最初は池袋の文芸座やフィルムセンターみたいなところに行って、サイレント映画とかクラシックなものを見てたんです。東京の大学の友達は高一くらいからロマンポルノを見てたらしいけど、僕は恥ずかしくて岡山日活の前を通り過ぎて洋画を見に行っていた。田舎の高校生には踏み入れてはならない“禁断”の場所だったんですよ。そんな青年が東京に出てきて、堂々とロマンポルノを見られるわけだから、カーッと熱くなりますよね(笑)。

それで運良く日活に入社できたんですけど、助監督を3年少しやったところでロマンポルノが終わってしまったんです。
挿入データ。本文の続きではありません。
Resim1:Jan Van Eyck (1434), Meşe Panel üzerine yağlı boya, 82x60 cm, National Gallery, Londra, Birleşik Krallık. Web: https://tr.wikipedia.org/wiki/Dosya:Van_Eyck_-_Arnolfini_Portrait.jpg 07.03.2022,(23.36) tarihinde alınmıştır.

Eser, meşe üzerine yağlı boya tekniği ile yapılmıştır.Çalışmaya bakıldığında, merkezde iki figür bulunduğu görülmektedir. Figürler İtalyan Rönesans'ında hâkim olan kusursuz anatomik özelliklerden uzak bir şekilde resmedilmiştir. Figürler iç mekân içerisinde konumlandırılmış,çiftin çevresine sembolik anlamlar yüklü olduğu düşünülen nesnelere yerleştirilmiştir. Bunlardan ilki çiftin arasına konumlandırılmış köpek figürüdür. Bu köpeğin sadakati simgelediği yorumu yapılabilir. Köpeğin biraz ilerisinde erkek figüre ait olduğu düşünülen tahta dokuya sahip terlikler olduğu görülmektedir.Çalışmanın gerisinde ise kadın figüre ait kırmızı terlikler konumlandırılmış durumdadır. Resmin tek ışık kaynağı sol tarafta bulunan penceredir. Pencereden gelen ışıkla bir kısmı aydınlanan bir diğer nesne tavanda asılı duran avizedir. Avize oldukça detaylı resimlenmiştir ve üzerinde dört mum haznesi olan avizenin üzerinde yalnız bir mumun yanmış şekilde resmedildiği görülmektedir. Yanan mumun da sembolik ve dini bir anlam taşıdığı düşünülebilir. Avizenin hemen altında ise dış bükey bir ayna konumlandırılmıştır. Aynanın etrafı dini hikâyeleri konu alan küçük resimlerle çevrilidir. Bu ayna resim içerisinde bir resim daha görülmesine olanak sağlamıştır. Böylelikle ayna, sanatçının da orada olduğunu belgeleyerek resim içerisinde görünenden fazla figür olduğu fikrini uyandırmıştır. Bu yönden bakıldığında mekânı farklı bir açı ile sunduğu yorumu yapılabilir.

だけどこうして28年後にオファーをもらい、二つ返事で「やります」と答えました。

-役者はオーディションで選んだのですか?

中田監督:飛鳥さんの役はオーディションですね。相手役の登紀子先生役はオーディションをしたけど、最終的には山口香虬里さんにオファーしました。飛鳥さんの役は100人くらい会ったかな。でも飛鳥さんを見た瞬間に、「あ、この子だな」って思ったんです。僕は直感を信じるタイプなんで、なるべくたくさんの人に会おうと思ったけど、飛鳥さんと出会ってからは他の人に目移りすることはなかったですね。
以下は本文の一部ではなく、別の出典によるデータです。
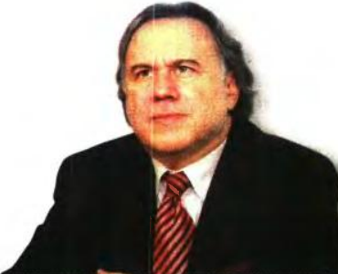
Την ίδια στιγμή που τα έσοδα του ΟΑΕΕ έπεσαν στο 7μηνο του 2016 κατά 5,8% και τα φορολογικά έσοδα απέκλιναν κατά 2,2% το στόχο, η κυβέρνηση ετοιμάζεται από 1/1/2017 να επιβάλει το ασφαλιστικό «χαράτσι» 20% στους επαγγελματίες.

● Την ίδια στιγμή που η κυβέρνηση «φορτώνει» τον κρατικό Προϋπολογισμό με βραχυβία «αντισταθμικά» μέτρα παραμένει εντελώς αδιευκρίνιστο από πού θα αυξηθούν κατά 800 εκατ. ευρώ το 2017 τα έσοδα από ασφαλιστικές εισφορές – όπως προβλέπει η πιο πρόσφατη μελέτη της Εθνικής Αναλογιστικής Αρχής.

まずはロマンポルノのヒロインとして、顔だけじゃなくてプロポーションも含めて美しい女性に演じてもらいたいという願望がありました。それに飛鳥さんは、「絶対にこの役を演じたい!」という目をしてたんですよ。他の女優さんたちも、そうだったはずですが、その気持ちは飛鳥さんが一番強かったと僕は感じたんですよね。

-飛鳥さん、いかがですか?

飛鳥:絶対やりたかったです。本当にやりたかったんです。

私は中田監督の作品が好きだったので、事務所の方に「脱げますか?」って聞かれ、「はい」と即答しました。中田監督に自分が撮ってもらえるチャンスなんてもうないかもしれないと思ったんです。オーディションに参加した時は、誰にも負けたくないという気持ちでいっぱいでしたね。

-中田監督といえばホラー映画というイメージも強かったかと思いますが、実際はどんな監督でしたか?
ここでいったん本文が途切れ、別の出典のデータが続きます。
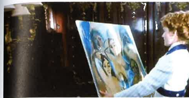
1/ Rose (Kate Winsletová) s variantou Avignonských slečen Pabla Picassa z filmu Titanic (1997)

necklace. Cameron made not only the sketch of Rose with the necklace, but also all the other drawings in Jack's sketchbook. The director himself is Picasso's competitor. Cameron handles Picasso and his two paintings on board like a thematization of radical Modernism, which, in the film, goes to the bottom of the ocean like the ship. Modern art survives, however, whether Cameron intended or not. In view of the fact that the original of Les Femmes d'Alger was in 1912, in Picasso's studio in Boulevard de Clichy in Paris and Cameron actually sank only a variation on the picture, nothing therefore happened to Modern art on board of his Titanic. Here is demonstrated the power of Modern art via variations and cyclical repetition of motifs, alongside the period of modernity, in which the role of copies, citations and technical reproducibility came to maturity. The Titanic was unique, irreproducible and could not be rebuilt. Modern art is unsinkable – it lives on despite the fact that a couple of Picasso paintings were sunk in the film.

飛鳥:オーディションで初めてお会いするまでは、実は怖い監督なのかなと思ってました(笑)。でも現場でもカットごとにお芝居を丁寧に演出してくださって、休憩時間も色々なお話をしました。夜中の撮影でも和気あいあいとした楽しい現場でした。監督は、優しく包み込んでくれるような印象でしたね。

-オーディションの段階で、絡みのシーンも?

中田監督:かなりやりました。こういう映画だから、単なるお芝居の場面を演じてもらって「はい、オッケー」とは言えないんですよね。ロマンポルノは女性のフィジカルを美しく撮ることが生命線ですから。